En çok tartışılan kitabı, Bay Lowell’ın kariyerinin tartışmalı bir unsurunu incelemek için mektupları kullanan The Dolphin Letters, 1970-1979: Elizabeth Hardwick, Robert Lowell, and Their Circle idi. 1970 yılında Oxford, İngiltere’de bir öğretmenlik görevini kabul etti ve o zamanki eşi Bayan Hardwick ve kızları hayatta kaldı.
Orada İngiliz-İrlandalı yazar Caroline Blackwood ile bir ilişki kurdu, ancak evlilik başarısız oldu. Bay Lowell, kendisine ikinci Pulitzer Ödülü’nü kazandıran bir koleksiyon olan The Dolphin’deki şiirler için bu dönemde Bayan Hardwick tarafından kendisine yazılan mektuplara güvendi. Bu ödenek, Bay Lowell’ın Bayan Bishop ve şair Adrienne Rich gibi arkadaşları da dahil olmak üzere geniş çapta kınandı.

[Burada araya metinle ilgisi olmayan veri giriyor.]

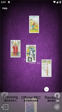 1、在内用户点击右下角的“塔罗、雷诺曼、神谕卡”选项,即可进入各类抽牌页面。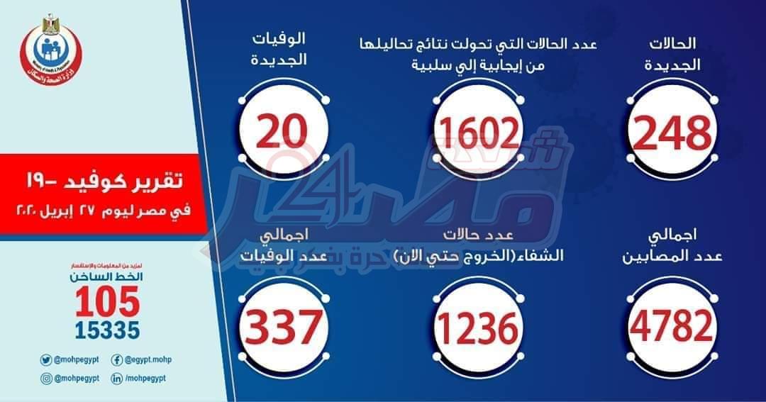 وذكر "مجاهد" أن إجمالي العدد الذي تم تسجيله في مصر بفيروس كورونا المستجد حتى اليوم الاثنين، هو 4782 حالة من ضمنهم 1236 حالة تم شفاؤها وخرجت من مستشفيات العزل والحجر الصحي، و 337 حالة وفاة.
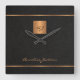 Ecran murale élégante en cuir noir de luxe avec une parties scintillant en or monogrammed carré et signature de nom personnalisée.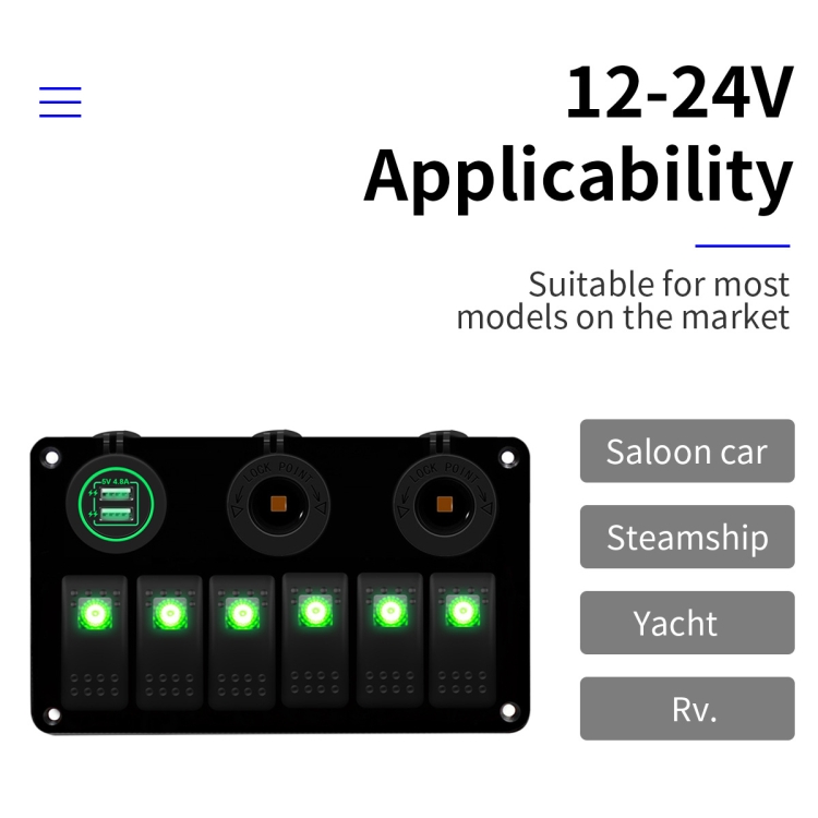 Multi-functional Combination Switch Panel 12V / 24V 6 Way Switches + Dual USB Charger for Car RV Marine Boat

2007’de ölen Hardwick, mektuplarının yok edildiğini düşündü, ancak Harvard’daki Lowell arşivlerinde bulundu. Profesör Hamilton, önsözünde bu yazışmaların “sanatın sınırları – bir sanat eserine neyin sebep olduğu hakkında bir tartışmayı temsil ettiğini; sanatçıların hayatlarını malzeme olarak kullanmak için sahip oldukları ahlaki ve sanatsal özgürlük.
Bayan Hardwick’i tanıyan Profesör Hamilton, Vanity Fair ile 2020 yılında yaptığı bir röportajda, mektuplar üzerinde çalışırken onun varlığını nasıl hissettiğinden bahsetti.
“Sadece sana bakıyormuş gibi hissediyorsun,” dedi. “Mektuplarına kulak misafiri oldum. Bir gün orada olacağını biliyor. Gelecek nesiller için yazmaktan, önemli olduğunu düşündüğün için güvenle yazmaktan çok farklı bir nitelik. Komşuların pencereden dışarı baktığını bilmek demektir.”
Profesör Hamilton, 5 Mayıs 1967’de Washington’da doğdu. Babası John bir yazar ve editördü; Annesi Elise Wiarda bir sanatçı ve terapisttir.
Gambier, Ohio’daki Kenyon Koleji’nde öğrenciyken Profesör Hamilton, hayırsever Ruth Lilly’nin sponsorluğunda Indiana Üniversitesi’nin genç şairler için düzenlediği ilk toplantıya katıldı. New York Üniversitesi’ndeki yüksek lisans eğitimini finanse etmek için kullandığı etkinliğin en büyük ödülü olan 15.000 $’ı kazandı. Yüksek lisans ve doktora derecesi aldı. Boston Üniversitesi’nde.
Barnard Fakültesi’ne katılmadan önce Kenyon’da öğretmenlik yaptı. Kardeşi John ve annesine ek olarak, bir oğlu Lucien Hamilton ve diğer üç kardeşi Claudia, Emma ve James Hamilton tarafından hayatta kaldı.
Profesör Hamilton’ın şiirleri genellikle zor konuları ele alırdı. Profesör Bell, Barnard web sitesindeki yazısında, “Keder ve kaybı ifade etmek için güzel kelimeler kullandı” dedi.
Profesör Hamilton’ın ilk koleksiyonu özellikle bu konuları ele alıyordu. The Santa Fe New Mexican ile 2001 yılında yaptığı bir röportajda, bu şiirleri yazarken yaşadığı deneyimlerden bahsetti.
“Kaybı derinden düşünmeye başladığınızda, ölme deneyiminin nasıl bir şey olduğunu hayal etmeye çalışırsınız” dedi. “Dramatik mi yoksa o kadar sessiz mi ki neredeyse bir rüyadan diğerine geçiyormuş gibi?”